Memang sulit dipercaya. Tapi ketika moderator membaca biodatanya, perlahan mataku berkedip lagi. Ia memang Rustam si mentimun bungkuk, keluarga jerangkong. Namun mulutnya tidak lagi menerowong. Dan meski bagian depan kepalanya botak bagai kepalaku, karena usia, kini tak mirip jerangkong. Malah serasi dengan tubuhnya yang bugar berisi, membuatku teringat kembali ucapan abangku Zein yang telah tiada, mati muda.

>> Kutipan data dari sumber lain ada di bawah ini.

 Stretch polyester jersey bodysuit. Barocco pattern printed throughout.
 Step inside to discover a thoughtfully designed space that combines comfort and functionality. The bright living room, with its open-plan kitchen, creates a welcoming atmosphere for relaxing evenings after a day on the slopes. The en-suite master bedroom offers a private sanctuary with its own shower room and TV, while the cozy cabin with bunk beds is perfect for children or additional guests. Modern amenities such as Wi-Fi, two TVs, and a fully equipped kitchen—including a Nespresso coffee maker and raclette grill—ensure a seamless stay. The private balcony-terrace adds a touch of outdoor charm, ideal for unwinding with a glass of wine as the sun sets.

Kudekati dia saat rehat. Dan bila aku masih tertegun-tegun, Rustam langsung terbelalak. Sekejap kemudian didekapnya aku erat-erat. "Mandius! Mandius!‖ ujarnya dengan suara bergetar, dan serak. Kepada orang-orang yang terpana di sekitar kami, ia lalu berucap: ―Saudara saya! Sahabat baik waktu kecil!" Alamak!

PULANG libur ke kota kelahiran bersama istri, anak-anak, dan calon menantu, kuceritakan pertemuan itu kepada ibu. "Jumpa aku si Rustam di Bandung," kataku.

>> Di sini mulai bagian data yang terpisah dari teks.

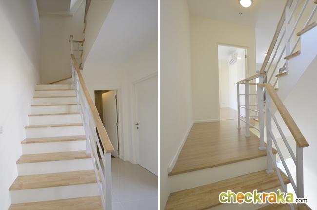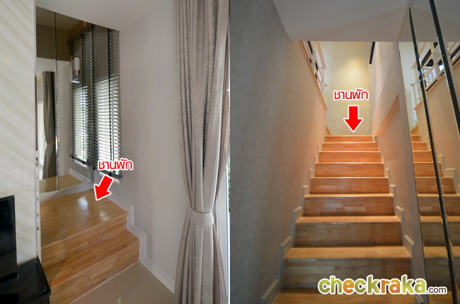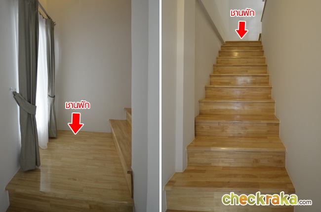 บันไดของบ้านเป็นโครงเหล็กมีชานพัก 2 จุดและมีหน้าต่างรับแสงทั้ง 2 จุดค่ะ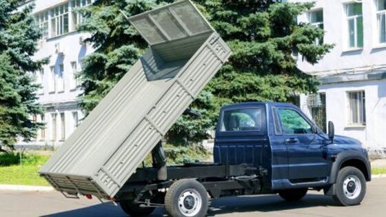 Конструкторы Ульяновского автомобильного завода разработали новый малотоннажный грузовик УАЗ «Профи», представленный в виде самосвала. Автомобиль разработан совместно с конструкторами компаниями ООО «Авто-Фургон». По заявленным производителями данным, грузоподъемность машины равна 1,1 тонны, при этом габариты грузовика равны 3090x2060x400 мм. Система самосвала работает быстро, поднимая и опуская кузов. В поднятом состояние кузов можно зафиксировать, используя механическую опору. Управлять подъемом кузова можно будет с помощью специализированного пульта, которые находится в кабине машины. Дата выхода грузовика в такой модификации пока не озвучена. Также производители не озвучивают цены на модель. Напомним, что стандартная модификация бортового грузовика оценивается от 825 тысяч рублей. Таким образом можно предположить, что стоимость самосвала будет выше. Сейчас конструкторы планируют провести необходимые тестовые испытания, которые дадут понять нуждается ли машина в дополнительных доработках или нет.

"O, ya," balas Ibu. "Memang di Bandung dia. Abangnya si Ruslan sekarang di Batam, pengusaha hotel. Adiknya Rusmin, jadi dosen di Medan."

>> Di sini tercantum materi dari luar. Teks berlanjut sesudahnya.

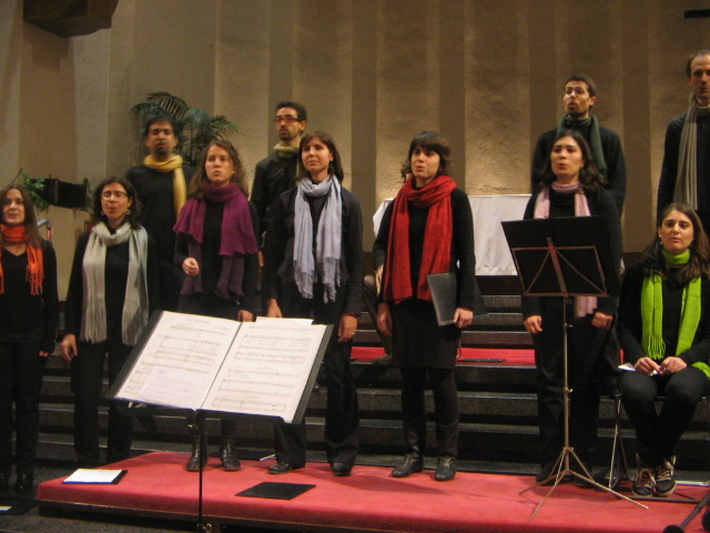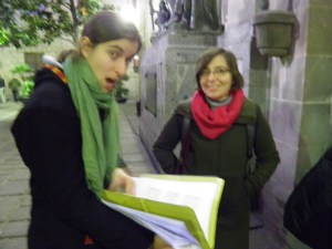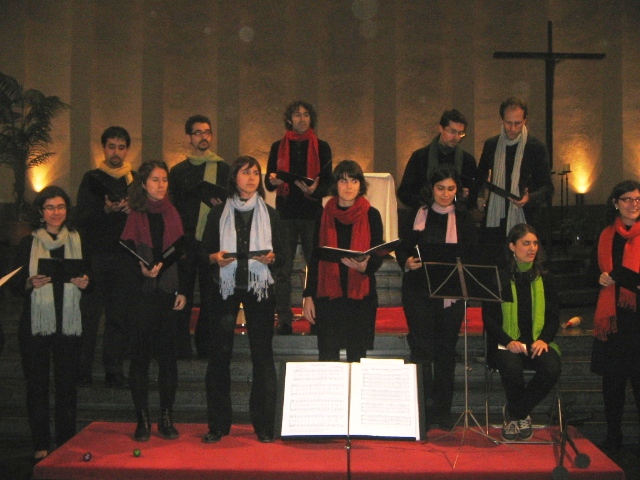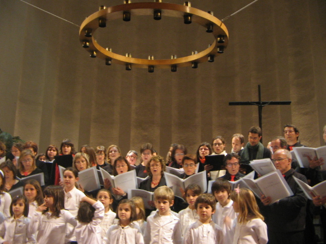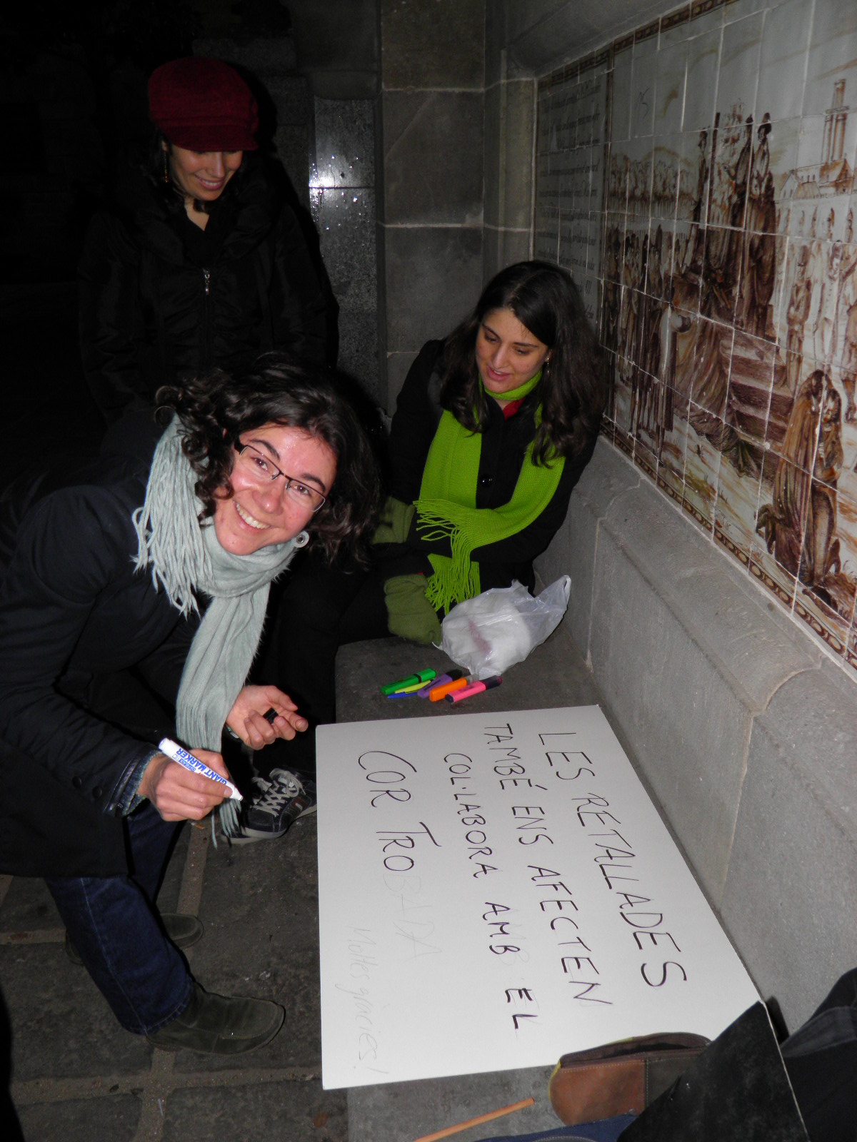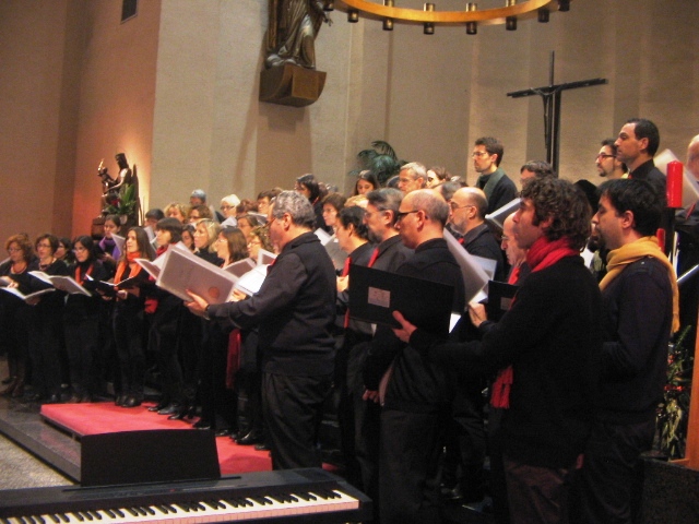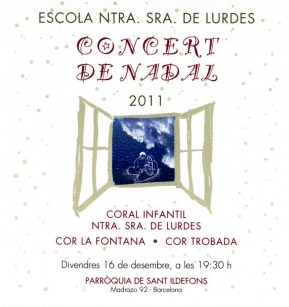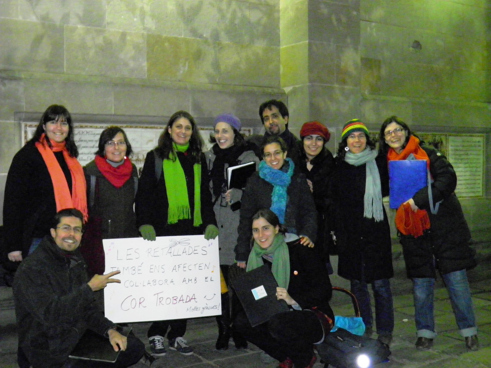 El diumenge 18 de desembre alguns dels cantaires del Trobada vam fer una cantada de nadales. Reunits a la plaça del costat de la catedral (accés porta del claustre), ben abrigadets, lluint vistosos colors i amb les partitures a les mans, vàrem entonar cançons tradicionals catalanes, espanyoles i anglosaxones de Nadal. A més del plaer i el gaudi de cantar a l’aire lliure, la trobada també tenia per finalitat recollir alguns calerons per participar en la trobada internacional de corals, organitzada a Torino entre juliol i agost de 2012 (aviat us direm més d’aquesta estimulant iniciativa!). Com resava la pancarta: “Les retallades també ens afecten! Col·labora amb el Cor Trobada”.

Betapa ajaib sang waktu memburai-burai nasib, sekaligus menatanya kembali. Kutoleh rumah seberang jalan itu melalui jendela yang lebar terbuka. "Siapa sekarang penghuninya?"

"Anak si Ridwan nomor tiga," sahut Ibu. "Si Ridwan pun kerap pulang setelah pensiun dari departemen luar negeri. Selalu singgah dia kemari."

Dari Ibu pula kutahu Rismun sudah meninggal dunia. Bukan jatuh dari tembok pekarangan kami, tetapi helikopter, pulang survei minyak di lepas pantai Pulau Pagai. Rismun insinyur perminyakan. Rosmalia istri wali kota di Sumatra. Dan ibu mereka, Rakena, bersama Ramena. Ramena sendiri, yang sejak kecil dibawa abangnya Ridwan ketika tugas di sejumlah negara Eropa, guru balet di Paris; menikahi pria bule, punya anak satu. Tentu bukan karena namanya serupa nama Rumania, atau orang-orang Eropa Timur.

"Senang hidup si Rakena itu sekarang, telah dua kali naik haji," ujar ibu. "Tapi Tuhan punya rencana lebih sempurna, buru-buru memanggil suaminya, seperti juga ayahmu."

Sebagaimana ayah, Pak Rus'ad telah wafat. Jauh lebih dulu dari ayah, kira-kira setahun sekeluar penjara. Walau lima-enam bulan saja di bui, agaknya tidak kuat batin dan tubuhnya yang tipis-kerempeng bak jerangkong menanggung derita.